Sultan bin Jamal Shawly, undersecretary at the ministry for mineral resources, said, "This license is issued as part of the first phase during which two more licenses will be issued to exploit limestone used for Portland and white cement." Shawly added that the license relatedo Hurrat Hadhen in Taif. "We will announce the winners of the second and third licenses on 26 November 2011 at the beginning of the new Hijrah year 1433H," he added.

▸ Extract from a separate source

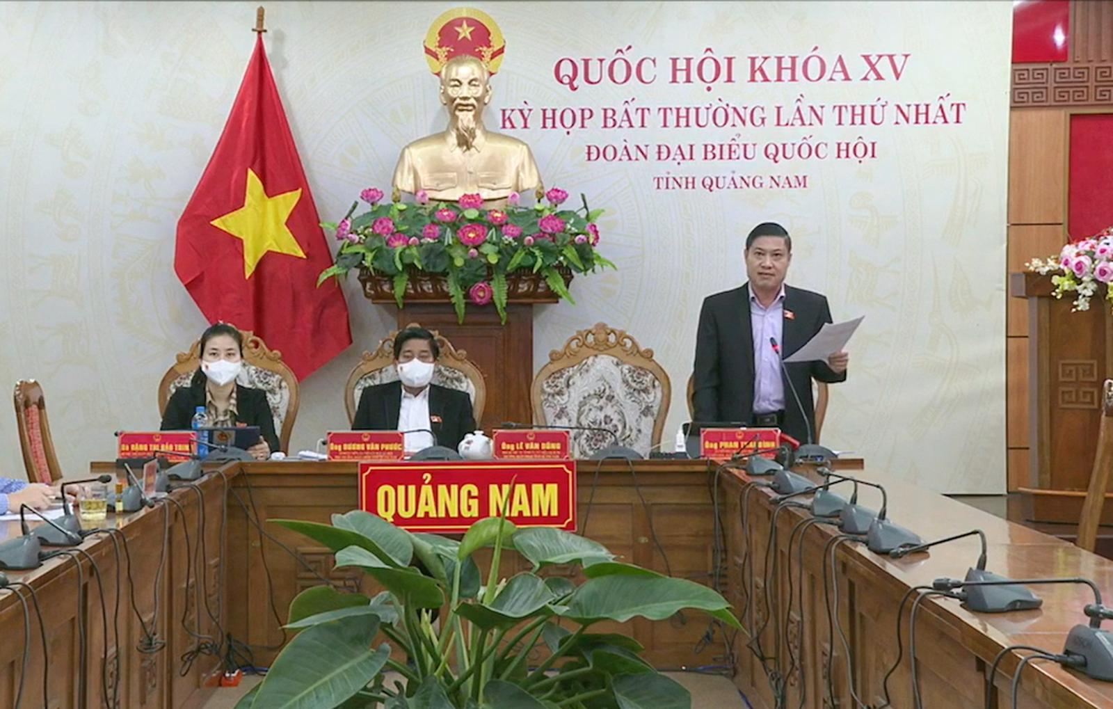 Đại biểu Phan Thái Bình phát biểu tranh luận từ điểm cầu Quảng Nam. Ảnh: Đ.X
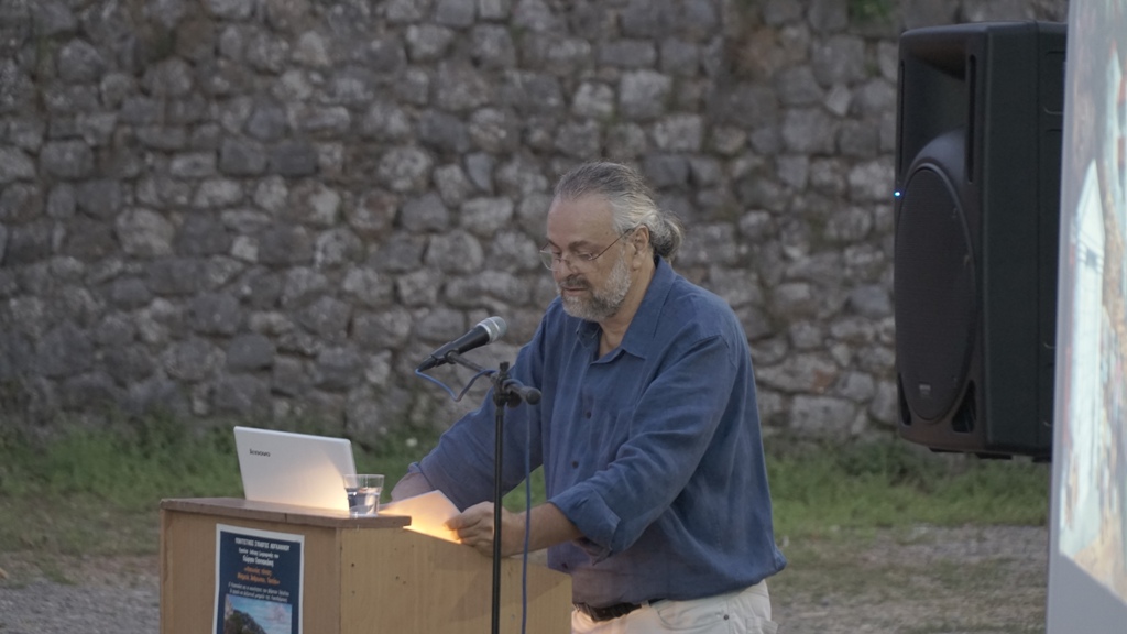 Ο αρχαιολόγος κ. Λεωνίδας Σουχλέρης, μίλησε συνολικά για το έργο του ζωγράφου, κάνοντας λόγο και για την απεικόνιση της καθημερινής ζωής στις κοινότητες του βόρειου Ταϋγέτου αλλά κυρίως για τις αφορμές, την έμπνευση και τις επιρροές του ζωγράφου για τα έργα στα οποία αποδίδει τα βυζαντινά μνημεία του Λογκανίκου, της Κοτίτσας και του Μυστρά, με ιδιαίτερη αναφορά στον βυζαντινό ναό του Αγίου Γεωργίου Λογκανίκου (1374-1375). Σημαντική ήταν η επισήμανση για το ενδιαφέρον του ζωγράφου και για την αφορμή και τους λόγους της ζωγραφικής απεικόνισης ή φανταστικής αναπαράστασης των αρχαίων μνημείων της Σπάρτης (Ακρόπολη Σπάρτης, θέατρο, Ιερό Ορθίας Αρτέμιδος, Κυκλοτερές Οικοδόμημα, Ιερό Αμυκλαίου Απόλλωνα), όπου σημαντικό ρόλο διαδραμάτισε η ανάδειξη των μνημείων αυτών από την Εφορεία Αρχαιοτήτων Λακωνίας και την Περιφέρεια Πελοποννήσου, την χρονική περίοδο 2006-2015, όπου για πρώτη η Ακρόπολη της Σπάρτης αποτελεί πλέον οργανωμένο και επισκέψιμο αρχαιολογικό χώρο στον Δήμο Σπάρτης.

A number of local producers are in the running to secure the two other new licences.
Shawly said that the licenses are being issued with certain conditions that should be strictly followed by the winning company. "One condition is that the (plant operators) should employ and train Saudi workers and the percentage of Saudi workers should be not less than 40% by the end of the first year after starting production," he said. "We have also insisted that the number of Saudi workers in the company should reach 80% after the completion of four years of production."
Siam Cement boss talks up Thai recovery 18 November 2011
Thailand: The Siam Cement Group (SGC) has said that Thailand's economy is expected to recover rapidly from the current flooding thanks to anticipated massive spending on infrastructure development. It believes that this development will boost the country's competitiveness in the coming Asean Economic Community (AEC).
Speaking at the Asean Business and Investment Summit in Bali, Indonesia, Kan Trakulhoon, chief executive and president of SGC, said that as soon as the floodwater recedes, much of the country's logistical infrastructure will be repaired. He said that new infrastructure would also be developed, particularly water-management systems. The proposed infrastructure development is meant to prevent flooding but could also spur growth.
"A decade ago we developed very few infrastructure projects such as electric trains and an airport. Now it is time to turn crisis into opportunity and kick off more projects. The infrastructure will enhance the country's competitiveness in the long run," said Kan. He added that Thailand still had much potential for direct foreign investment because of its skilled workforce, research and development spending and its location within the Asean region.
"Signs of recovery are emerging such as sales of building materials and cement in November 2011 returning to normal, following a 40% contraction in October 2011," he said. Kan said that SCG remained committed to its USD5bn five-year investment plan for 2012-16 in all of its business sectors despite the flooding.
The recent floods have affected more than 2 million people in central Thailand and disrupted supply chains for many business and manufacturing sectors.
Ultratech announces USD2.2bn capacity drive 17 November 2011
India: Ultratech Cement plans to invest USD2.2bn to expand its production capacity the company has told its shareholders. The expansion will add 10Mt/yr to the company's capacity with a completion date of March 2014. Ultratech currently produces 52Mt/yr. Ultratech said it would fund its capital expenditure through a 'judicious mix of internal accruals and borrowings.'
In the first six months of this fiscal year, which began 1 April 2011, the company spent USD220m on its expansion projects. Ultratech said India's cement demand is expected to grow by 8%/yr over the coming years.